> What is expected
Every line from the one with "한국형 전투기 개발(KF-X)" to the end of the listing, and nothing else, is to be printed exactly; please leave the pictures out.

> Information provided
══════
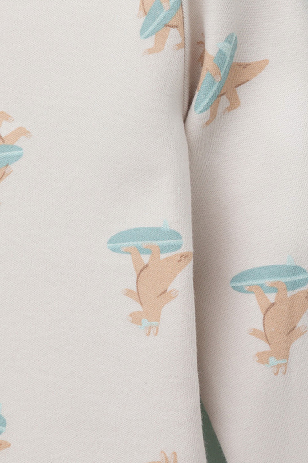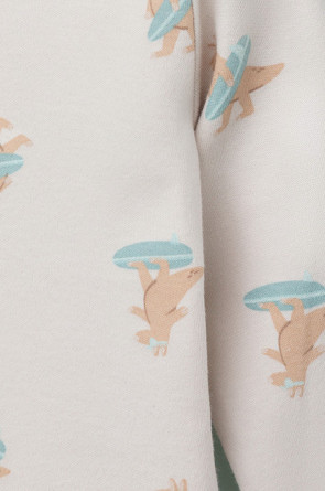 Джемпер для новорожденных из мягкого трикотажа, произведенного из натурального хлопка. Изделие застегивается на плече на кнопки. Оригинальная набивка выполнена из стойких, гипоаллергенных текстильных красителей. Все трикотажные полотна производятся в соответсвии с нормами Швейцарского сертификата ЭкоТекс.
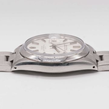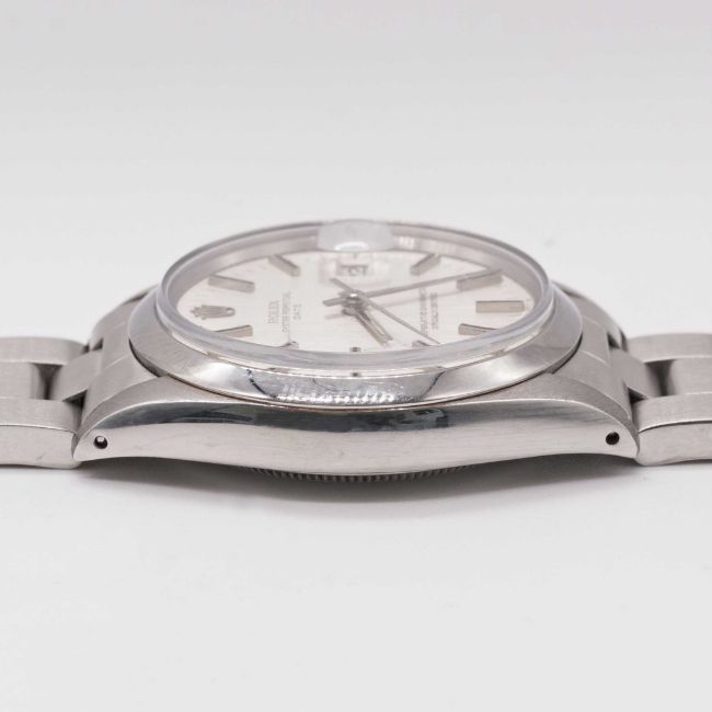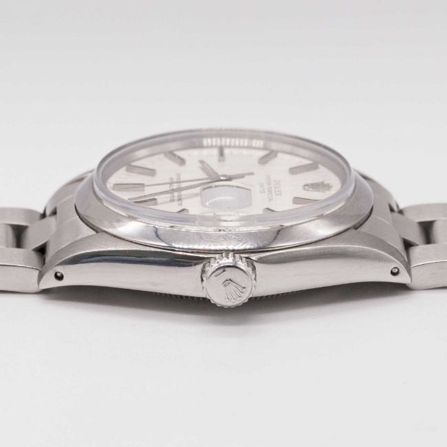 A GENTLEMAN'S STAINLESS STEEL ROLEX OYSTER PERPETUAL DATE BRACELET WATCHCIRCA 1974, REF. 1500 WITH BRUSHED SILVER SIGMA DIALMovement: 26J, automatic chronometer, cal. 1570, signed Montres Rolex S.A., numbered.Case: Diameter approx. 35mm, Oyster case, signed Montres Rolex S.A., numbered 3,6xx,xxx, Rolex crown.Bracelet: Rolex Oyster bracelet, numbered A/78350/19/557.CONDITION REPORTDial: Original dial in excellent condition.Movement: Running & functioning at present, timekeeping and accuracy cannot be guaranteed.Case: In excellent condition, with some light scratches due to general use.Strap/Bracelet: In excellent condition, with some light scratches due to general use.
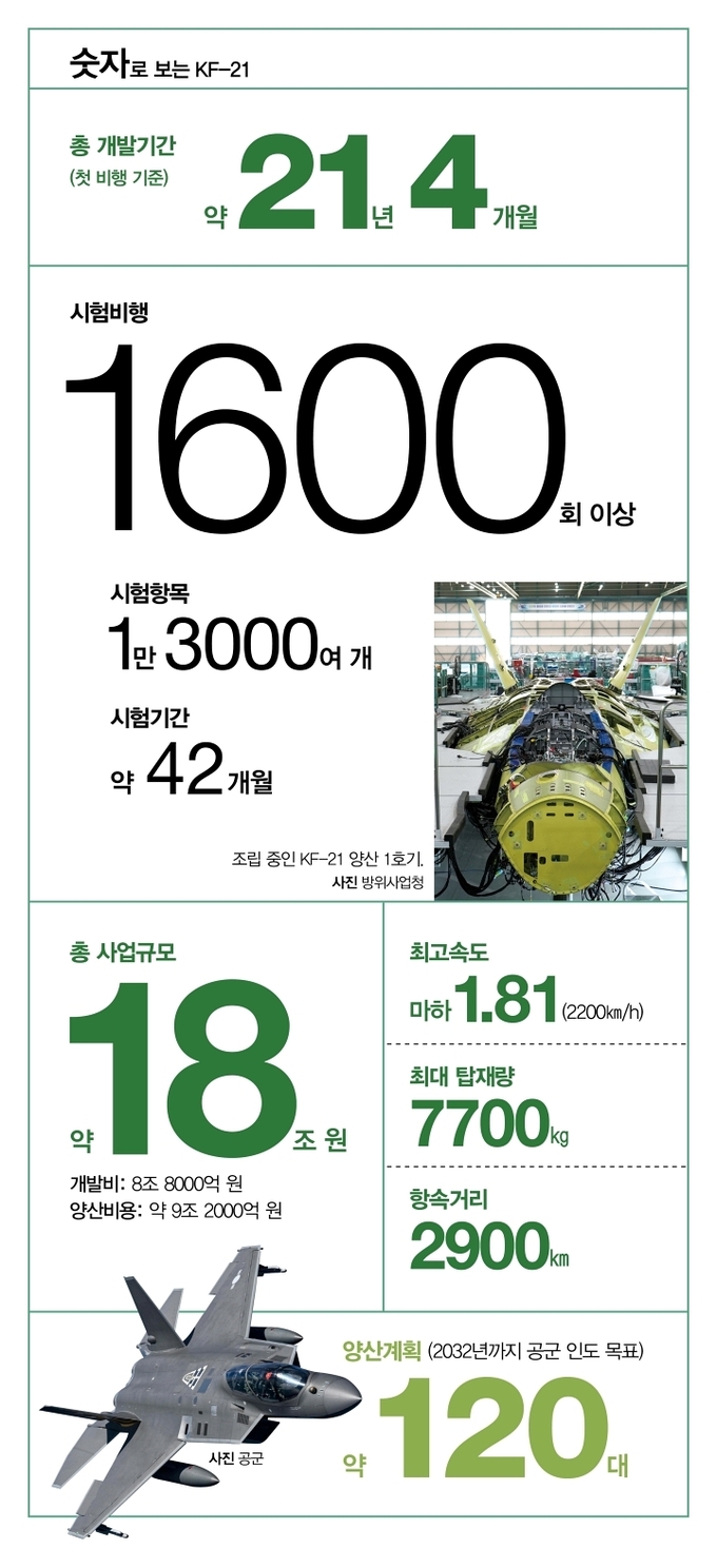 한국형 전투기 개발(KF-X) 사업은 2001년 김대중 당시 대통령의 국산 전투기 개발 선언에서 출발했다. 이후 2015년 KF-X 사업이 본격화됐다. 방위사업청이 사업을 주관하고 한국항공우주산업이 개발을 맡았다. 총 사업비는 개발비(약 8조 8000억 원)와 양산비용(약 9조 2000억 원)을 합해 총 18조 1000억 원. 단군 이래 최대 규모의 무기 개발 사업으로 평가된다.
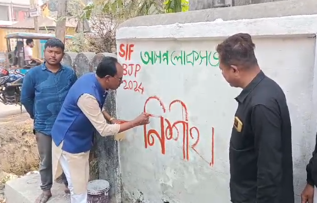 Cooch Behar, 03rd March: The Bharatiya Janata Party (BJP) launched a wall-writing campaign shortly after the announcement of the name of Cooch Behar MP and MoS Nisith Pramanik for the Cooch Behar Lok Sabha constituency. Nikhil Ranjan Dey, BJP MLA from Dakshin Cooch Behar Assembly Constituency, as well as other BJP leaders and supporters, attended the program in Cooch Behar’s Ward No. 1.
══════
> Your response
 한국형 전투기 개발(KF-X) 사업은 2001년 김대중 당시 대통령의 국산 전투기 개발 선언에서 출발했다. 이후 2015년 KF-X 사업이 본격화됐다. 방위사업청이 사업을 주관하고 한국항공우주산업이 개발을 맡았다. 총 사업비는 개발비(약 8조 8000억 원)와 양산비용(약 9조 2000억 원)을 합해 총 18조 1000억 원. 단군 이래 최대 규모의 무기 개발 사업으로 평가된다.
 Cooch Behar, 03rd March: The Bharatiya Janata Party (BJP) launched a wall-writing campaign shortly after the announcement of the name of Cooch Behar MP and MoS Nisith Pramanik for the Cooch Behar Lok Sabha constituency. Nikhil Ranjan Dey, BJP MLA from Dakshin Cooch Behar Assembly Constituency, as well as other BJP leaders and supporters, attended the program in Cooch Behar’s Ward No. 1.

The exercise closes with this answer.